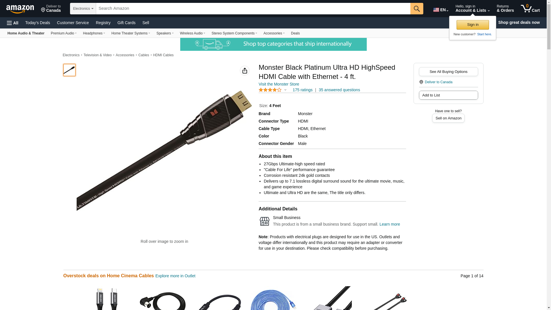 Monster Black Platinum Ultra HD HighSpeed HDMI Cable with Ethernet - 8 ft
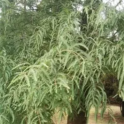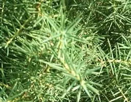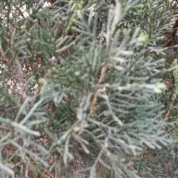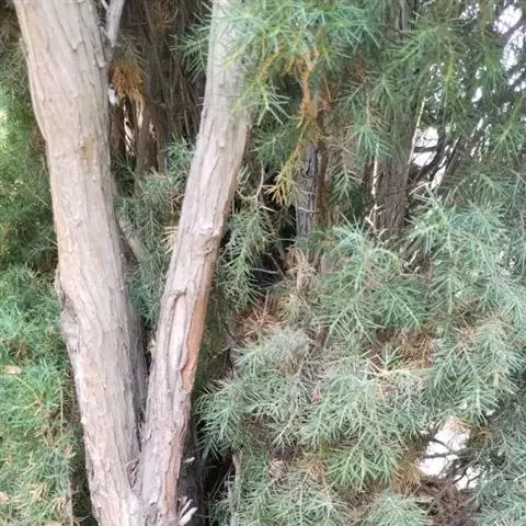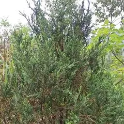 高山柏 灌木,高1-3米,或成匍匐状,或为乔木,高5-10余米,稀高达16米或更高,胸径可达1米;树皮褐灰色;枝条斜伸或平展,枝皮暗褐色或微带紫色或黄色,裂成不规则薄片脱落;小枝直或弧状弯曲,下垂或伸展。叶全为刺形,三叶交叉轮生,披针形或窄披针形,基部下延生长,通常斜伸或平展、下延部分露出,稀近直伸、下延部分不露出,长5-10毫米,宽1-1.3毫米,直或微曲,先端具急尖或渐尖的刺状尖头,上面稍凹,具白粉带,绿色中脉不明显,或有时较明显,下面拱凸具钝纵脊,沿脊有细槽或下部有细槽。雄球花卵圆形,长3-4毫米,雄蕊4-7对。
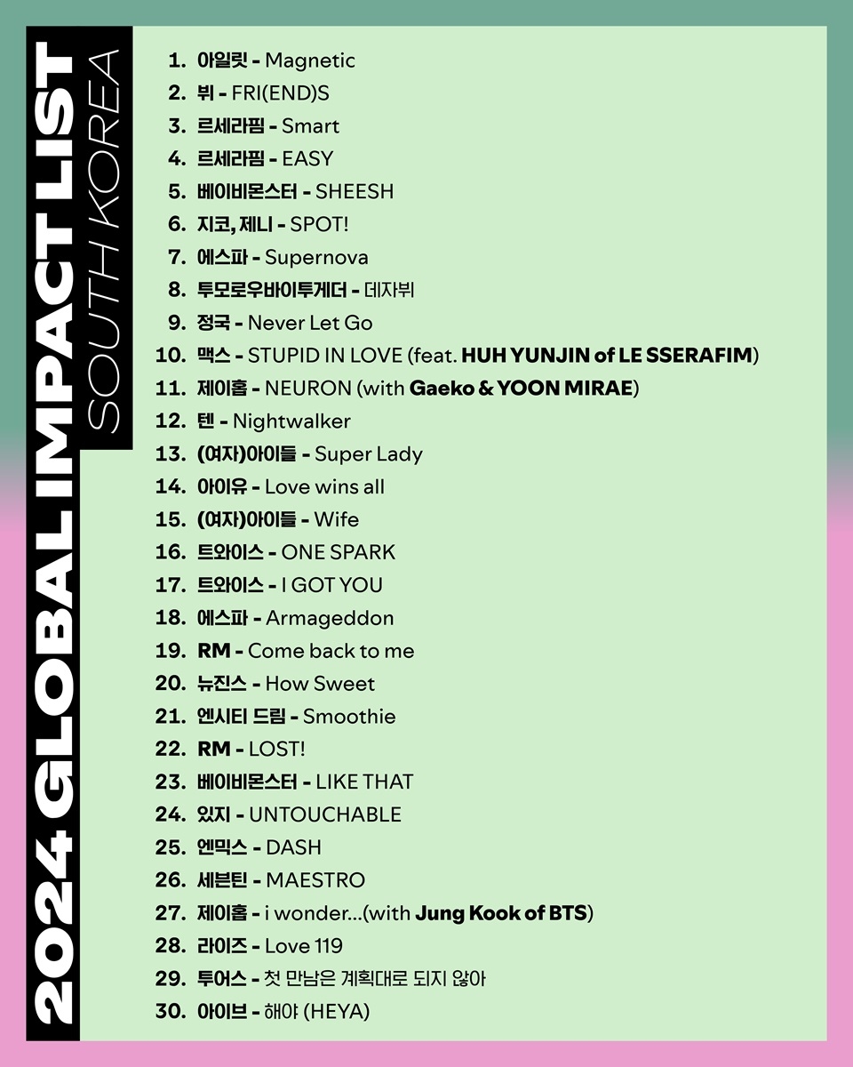 리스트는 2024년 1∼6월 발매된 한국 아티스트 음원을 대상으로 상반기 한국을 제외한 국가에서 가장 많이 스트리밍한 음원 30곡을 선정했다.
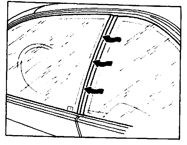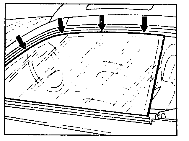 NOTE: The outer top edge of the glass should contact the outer rubber lip on the sealing frame over the entire length.
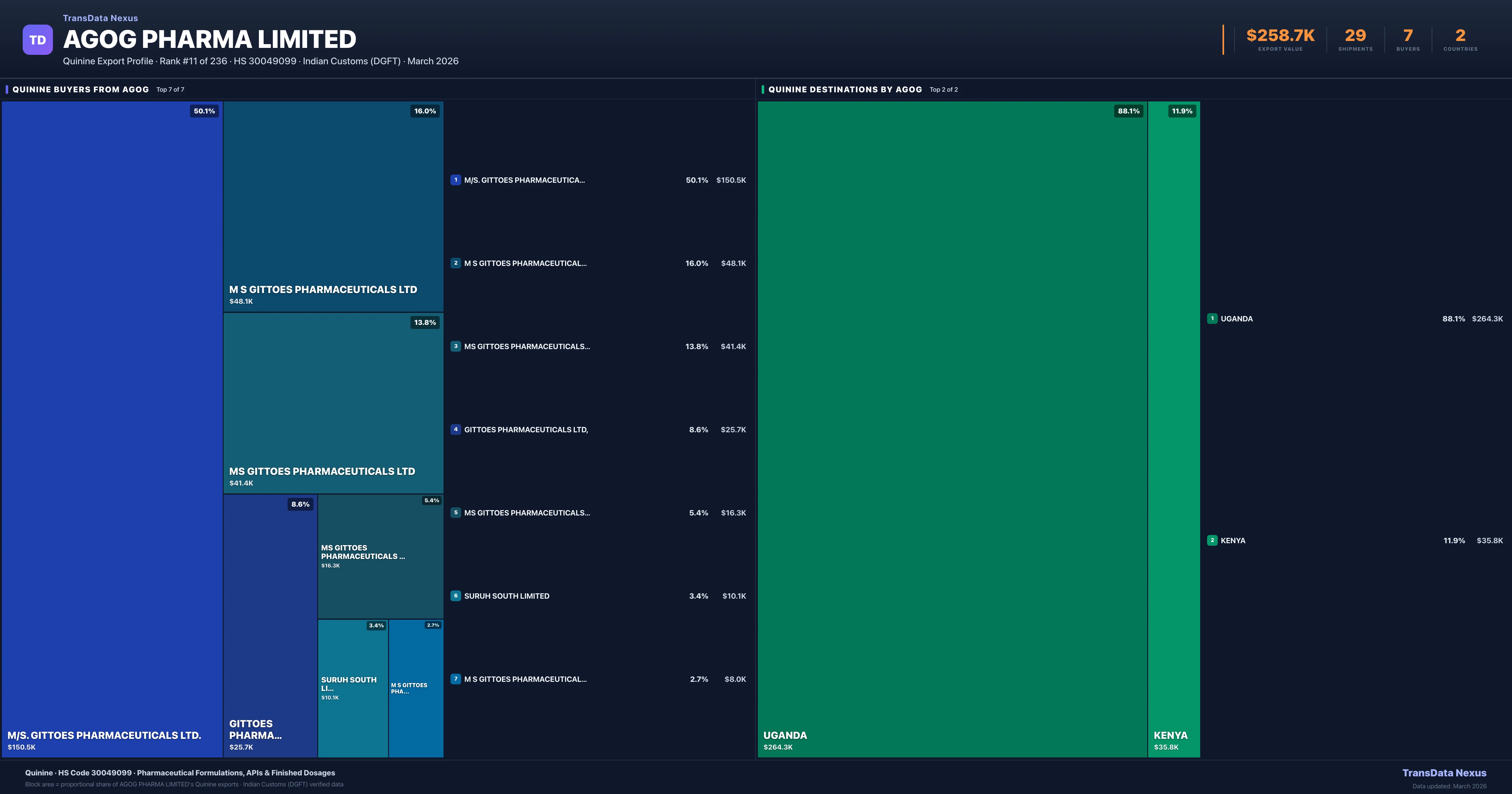 Agog Pharma Limited β Quinine Export Profile: Buyers & Destinations
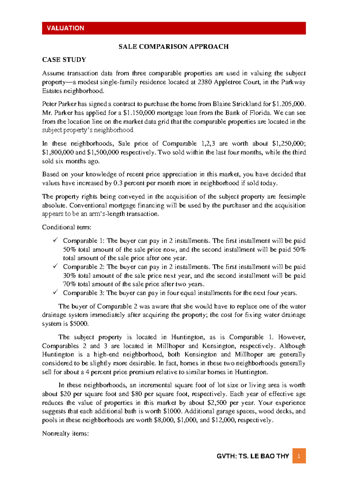 CASE Study - Valuation of Single-Family Residence in Parkway Estates ...
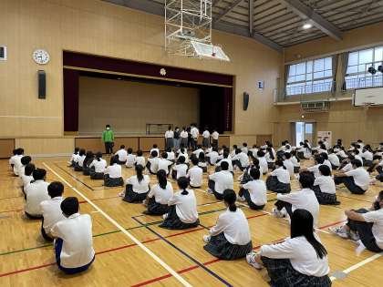 次に校長先生よりお話があり、熱海土砂災害の話、オリンピックの話がありました。
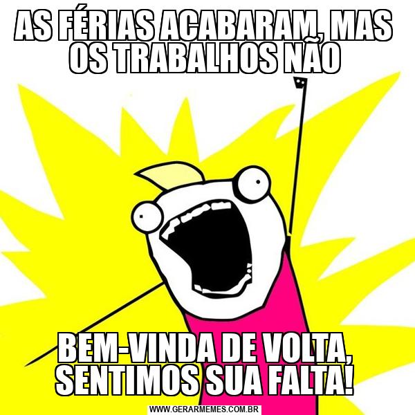 AS FÉRIAS ACABARAM, MAS OS TRABALHOS NÃO BEM-VINDA DE VOLTA, SENTIMOS SUA FALTA!
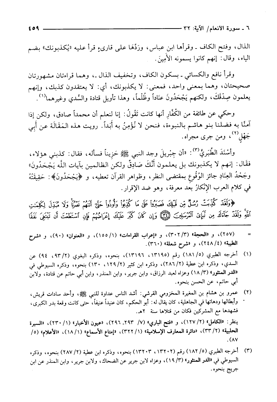 وقرأ نافع والكسائي- بسكون الكاف، وتخفيف الذال-، وهما قراءتان مشهورتان صحيحتان، وهما بمعنى واحد، فمعنى: لا يكذبونك، أي: لا يعتقدون كذبك، وإنهم يعلمون صِدْقَكَ، ولكنهم يَجْحَدُونَ عنَاداً وظُلْماً، وهذا تأويل قتادة والسُّدي وغيرهما «1» .

....................

## Exercise aim
Please copy the data above exactly, omitting the pictures.

## Exercise output
 Monster Black Platinum Ultra HD HighSpeed HDMI Cable with Ethernet - 8 ft
 高山柏 灌木,高1-3米,或成匍匐状,或为乔木,高5-10余米,稀高达16米或更高,胸径可达1米;树皮褐灰色;枝条斜伸或平展,枝皮暗褐色或微带紫色或黄色,裂成不规则薄片脱落;小枝直或弧状弯曲,下垂或伸展。叶全为刺形,三叶交叉轮生,披针形或窄披针形,基部下延生长,通常斜伸或平展、下延部分露出,稀近直伸、下延部分不露出,长5-10毫米,宽1-1.3毫米,直或微曲,先端具急尖或渐尖的刺状尖头,上面稍凹,具白粉带,绿色中脉不明显,或有时较明显,下面拱凸具钝纵脊,沿脊有细槽或下部有细槽。雄球花卵圆形,长3-4毫米,雄蕊4-7对。
 리스트는 2024년 1∼6월 발매된 한국 아티스트 음원을 대상으로 상반기 한국을 제외한 국가에서 가장 많이 스트리밍한 음원 30곡을 선정했다.
 NOTE: The outer top edge of the glass should contact the outer rubber lip on the sealing frame over the entire length.
 Agog Pharma Limited β Quinine Export Profile: Buyers & Destinations
 CASE Study - Valuation of Single-Family Residence in Parkway Estates ...
 次に校長先生よりお話があり、熱海土砂災害の話、オリンピックの話がありました。
 AS FÉRIAS ACABARAM, MAS OS TRABALHOS NÃO BEM-VINDA DE VOLTA, SENTIMOS SUA FALTA!
 وقرأ نافع والكسائي- بسكون الكاف، وتخفيف الذال-، وهما قراءتان مشهورتان صحيحتان، وهما بمعنى واحد، فمعنى: لا يكذبونك، أي: لا يعتقدون كذبك، وإنهم يعلمون صِدْقَكَ، ولكنهم يَجْحَدُونَ عنَاداً وظُلْماً، وهذا تأويل قتادة والسُّدي وغيرهما «1» .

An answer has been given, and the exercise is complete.